Last Tuesday, Twitter user @preneh24, who goes by the name Prerak, picked up their new Model Y. Prerak says that less than a week after taking delivery, the Model Y's steering wheel suddenly fell off while driving on the highway, prompting the Tesla owner to post the experience on Twitter in order to tag CEO Elon Musk and several other prolific well-known accounts.
Prerak's experience isn't unique. In fact, the same scenario happened in 2020 to a Tesla Model 3 owner whose steering wheel fell off less than a month into vehicle ownership. In both cases, it would appear that a similar failure occurred where the bolt holding the wheel to the steering column may have backed out—or, in the case of the 2020 incident, simply not have been installed. Either way, the steering wheel may have only been held in place by the airbag and wheel control harnesses when the failure occurred.
After an interaction with police and a tow truck, Prerak had their vehicle towed to a Tesla service center where the incident was investigated. According to a separate tweet by the owner, they were charged $103.96 for the repair, though it was later refunded after Prerak lodged a complaint with the service center.
Prerak said that they lost trust in Tesla and asked that the vehicle be returned along with a refund. Unfortunately, the automaker quietly canceled its 7-day no-questions-asked return policy back in 2020, and the service center told Prerak that Tesla "does not have a return policy" and suggested they reach out to the sales and delivery team to discuss options.

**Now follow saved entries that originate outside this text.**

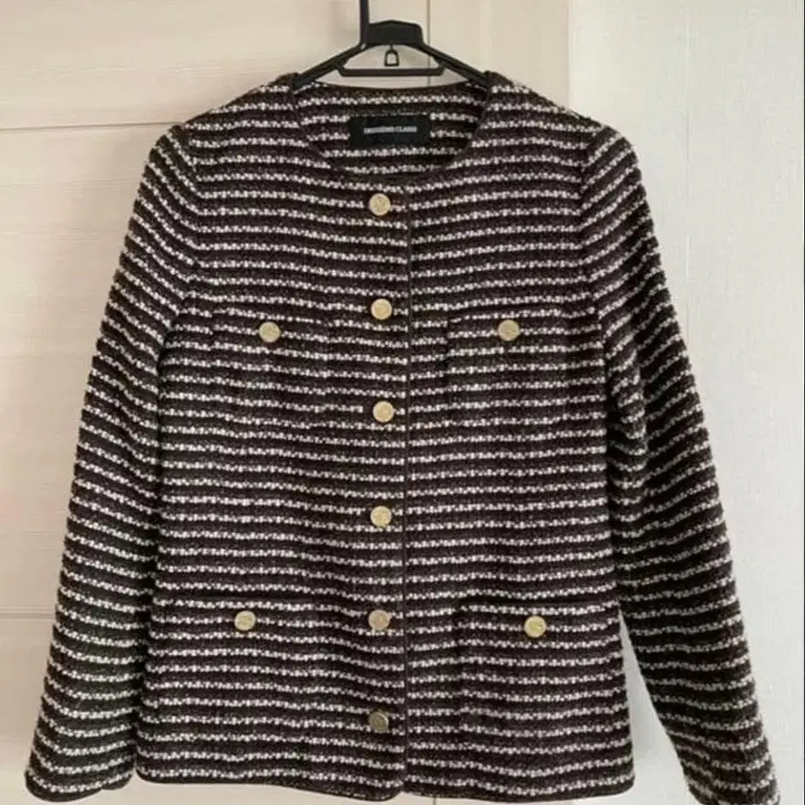 골드 버튼이 포인트인 멋스러운 트위드 자켓입니다. 숏 기장이라 팬츠나 스커트 모두와 코디하기 좋습니다. 올해는 트위드 자켓이 유행이라 바로 활용하기 좋습니다!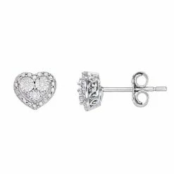 Add a hint of sparkle to any outfit with these sterling silver diamond accent heart stud earrings.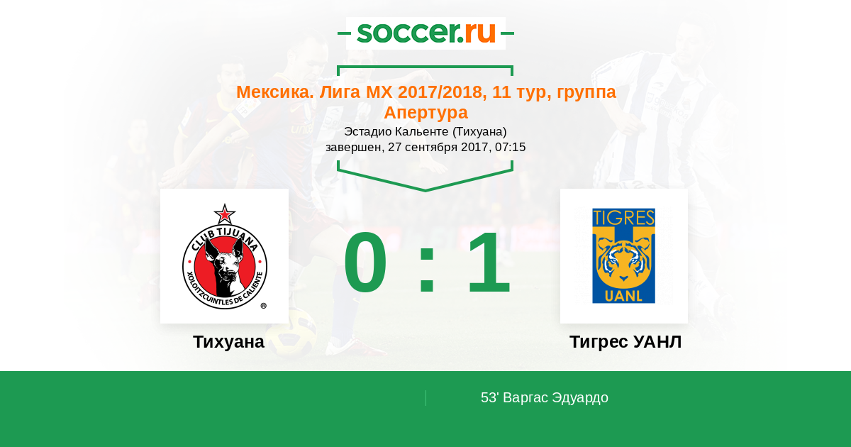 Протокол матча Тихуана против Тигрес УАНЛ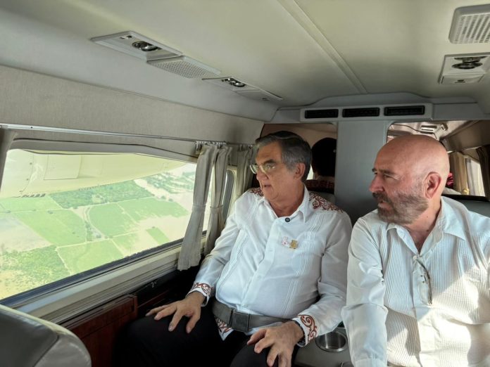 La tarde de este viernes, a bordo del avión “Tláloc” y acompañado por Raúl Quiroga Álvarez, secretario de Recursos Hidráulicos, el ejecutivo tamaulipeco recorrió las márgenes del Pánuco, hasta el municipio de Tamuín, San Luis Potosí, en donde constató las afectaciones a diversas comunidades rurales a causa del desbordamiento del río.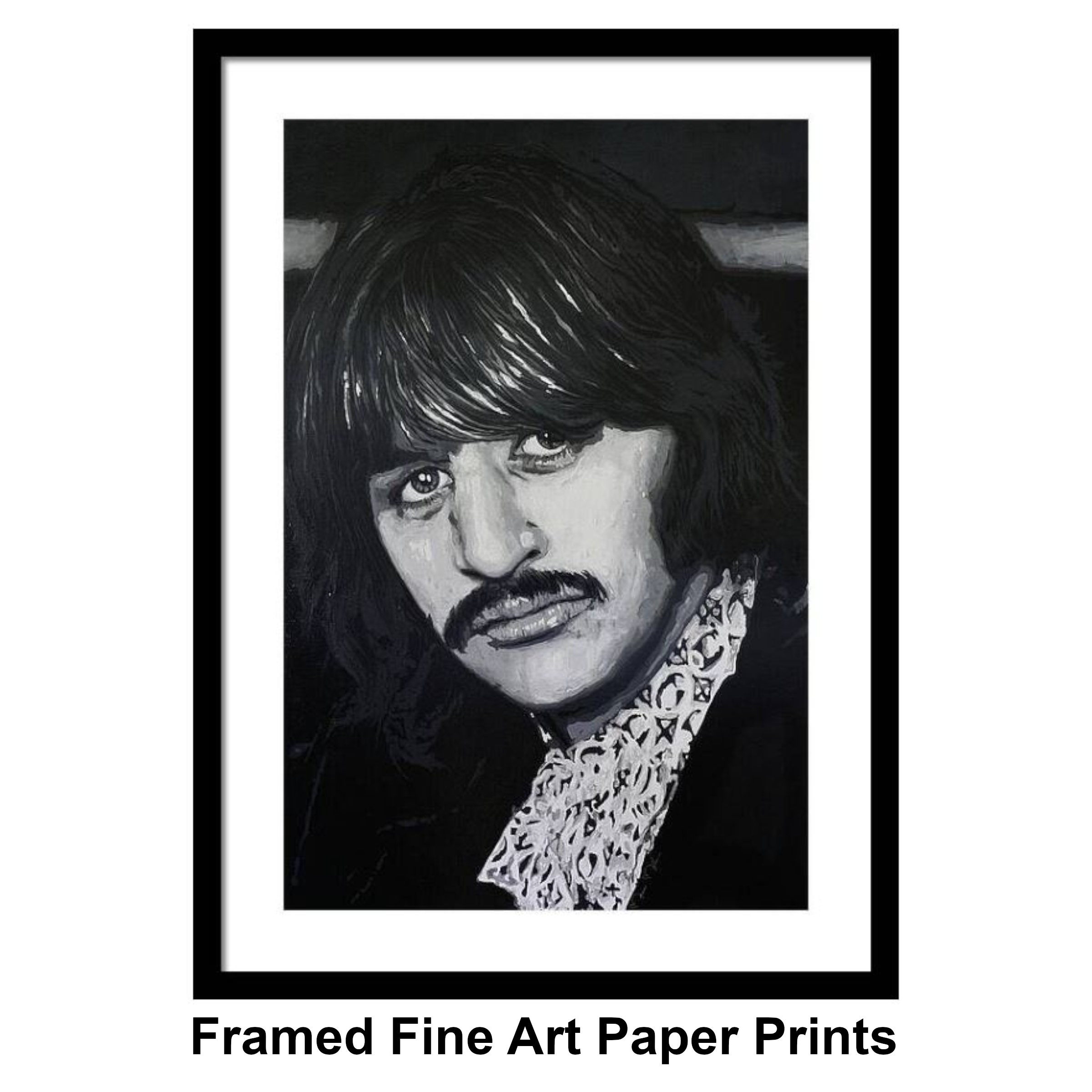 Painted entirely by hand, this artwork honors Ringo not as “just the drummer,” but as the soulful anchor of one of the most influential bands of all time. The subtle gradations of light and shadow emphasize his distinctive features and expressive gaze, creating a portrait that feels intimate and timeless. It’s a study in restraint—proof that strength and character don’t need to shout to be heard.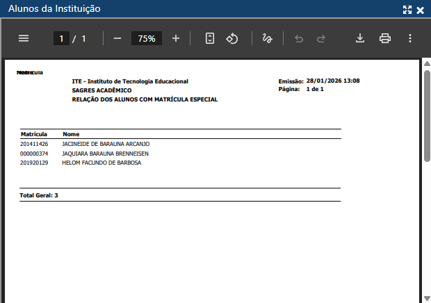 O sistema exibirá o relatório de Alunos Especiais com as informações selecionadas, como ilustrado no exemplo acima.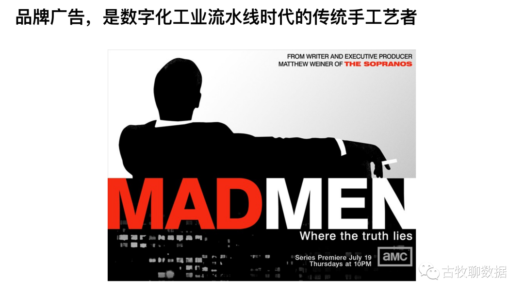 很多朋友可能受影视作品的影响,还以为现在是《广告狂人》那种古典时期,但其实那个抽烟、喝酒、熬夜、 脑爆以求灵感闪现的时代,已经一去不复返了。现在我们日常看到的很多广告,都是机器自动化计算并投放到你眼前的。尤其是那种纯文字链接形式的广告,那种以追求消费者点击下单购买为己任的广告,更是高度的程序化、流水线化。唯有品牌广告,因为其独特的目标,还保留了些许传统手工艺者的姿态,还骄傲的需要人来参与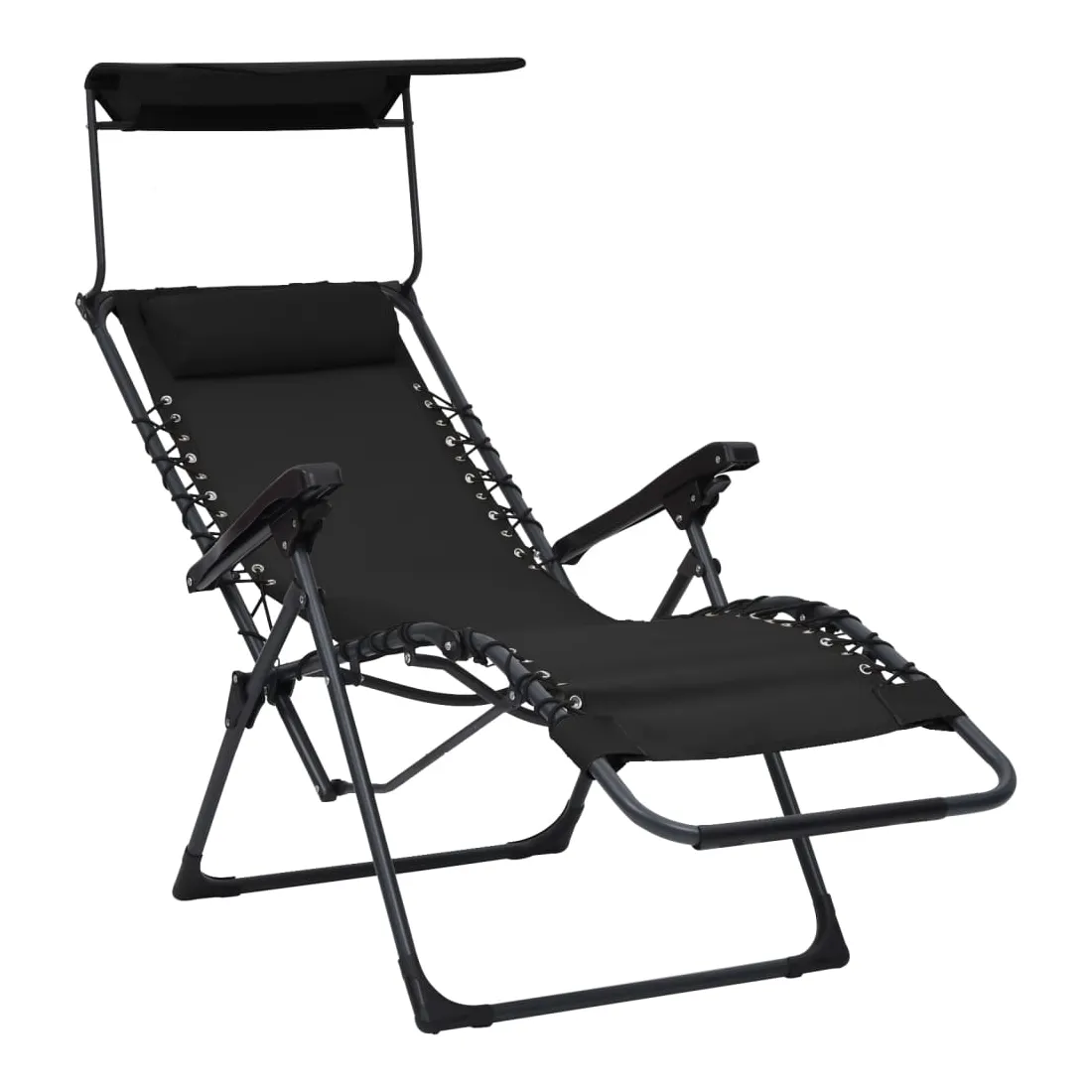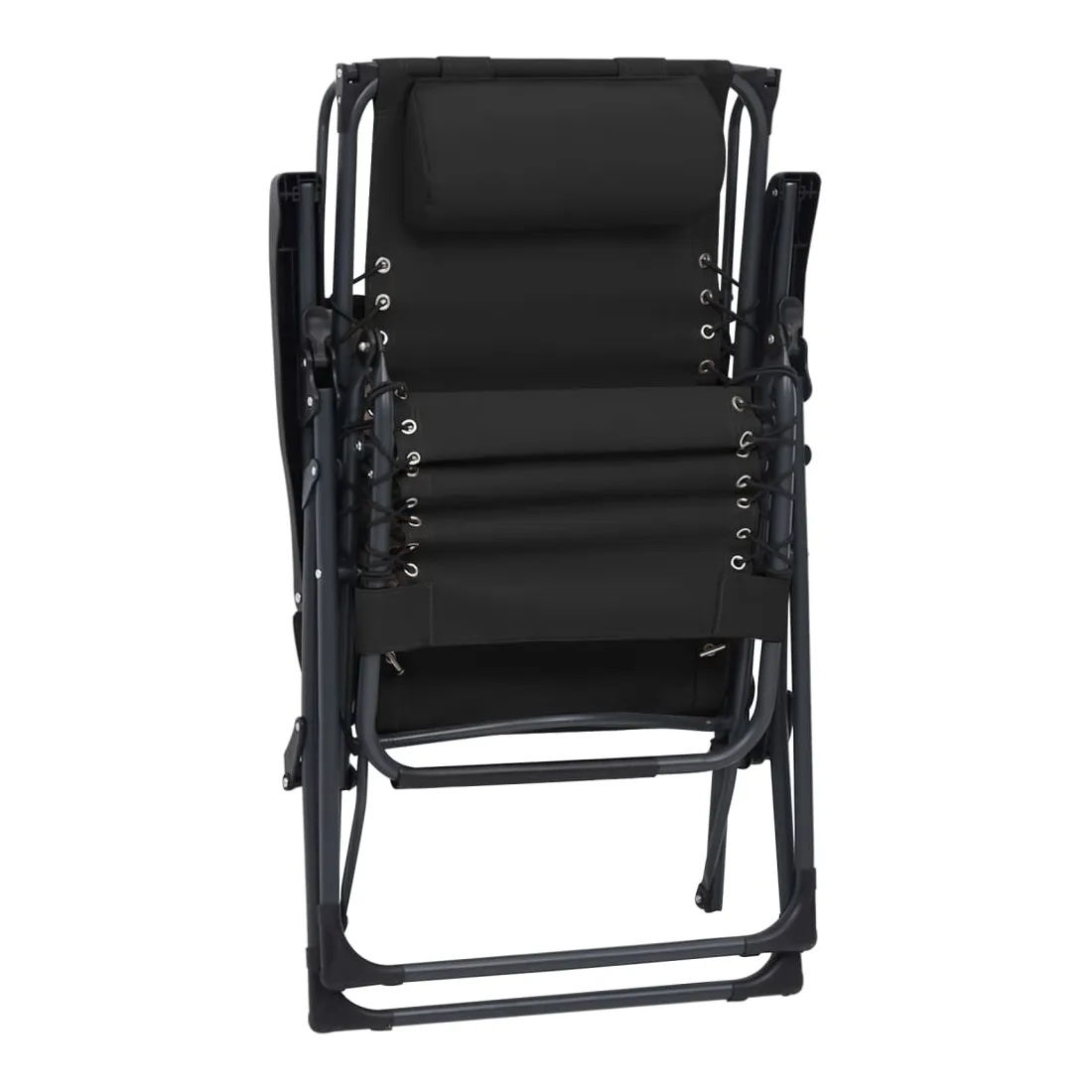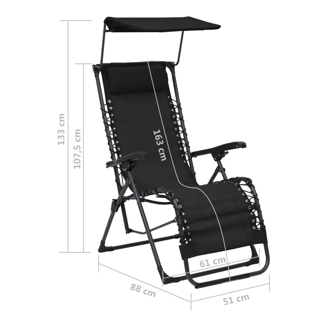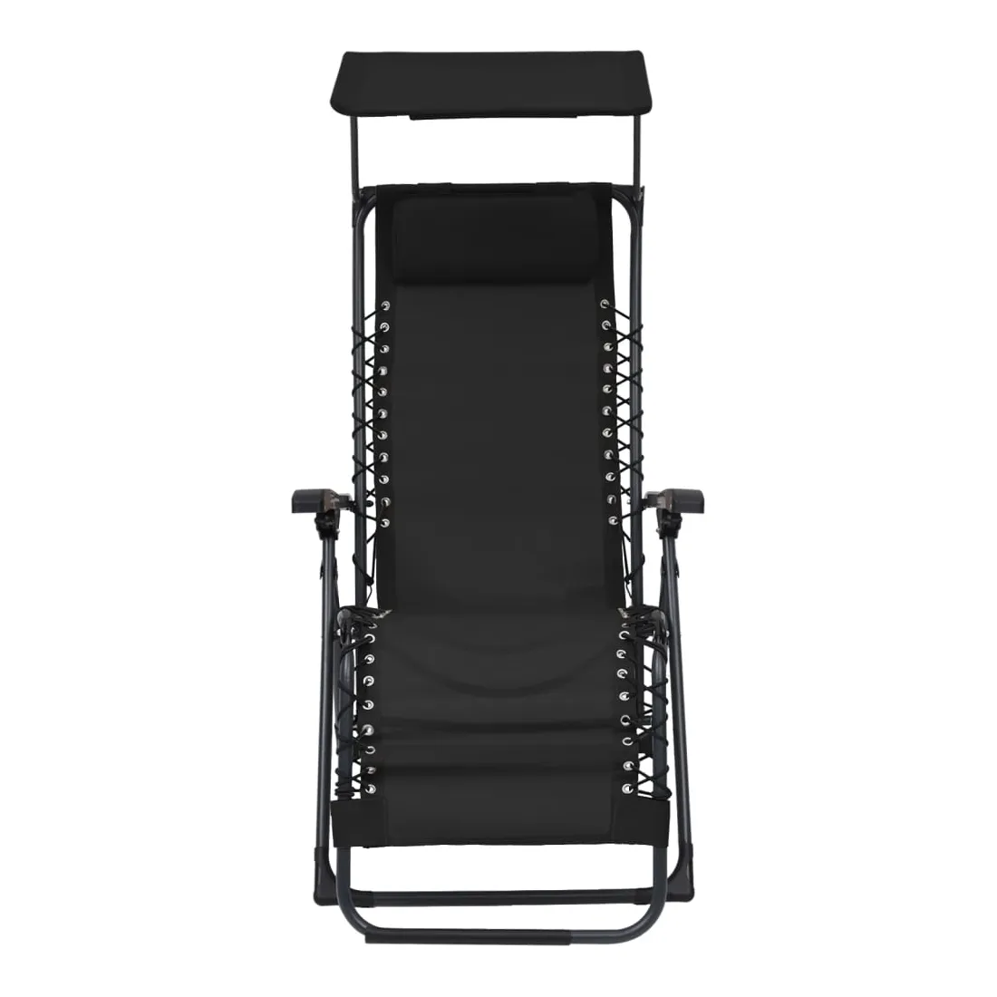 Cette chaise inclinable de terrasse est une combinaison parfaite de style et de fonctionnalité, qui sera un excellent supplément à votre terrasse, jardin, balcon ou tout autre espace intérieur et extérieur. La chaise de jardin a un cadre en acier robuste et un siège et un dossier en textilène facile à nettoyer et résistant aux intempéries pour vous servir pendant de nombreuses années. L'appui-tête rembourré est doux et confortable. Dotée d'un toit, la chaise à gravité offre une ombre fraîche sous le soleil. De plus, comme la chaise d'extérieur est légère, elle peut être facilement déplacée et pliable pour économiser de l'espace lorsqu'elle n'est pas utilisée. Remarque : afin de prolonger la durée de vie des meubles d'extérieur, nous vous recommandons de les protéger avec une housse imperméable.

It's worth noting that while a strange incident, a steering wheel detaching isn't necessarily a Tesla problem. In fact, Ford recalled 1.3 million vehicles in 2018 for the same risk, however, it was due to a bolt backing out over time and not due to improper assembly like the 2020 incident. It's not quite clear if Prerak's problem was due to improper assembly, though it certainly failed quite quickly for it to be an "over time" issue like Ford's recall.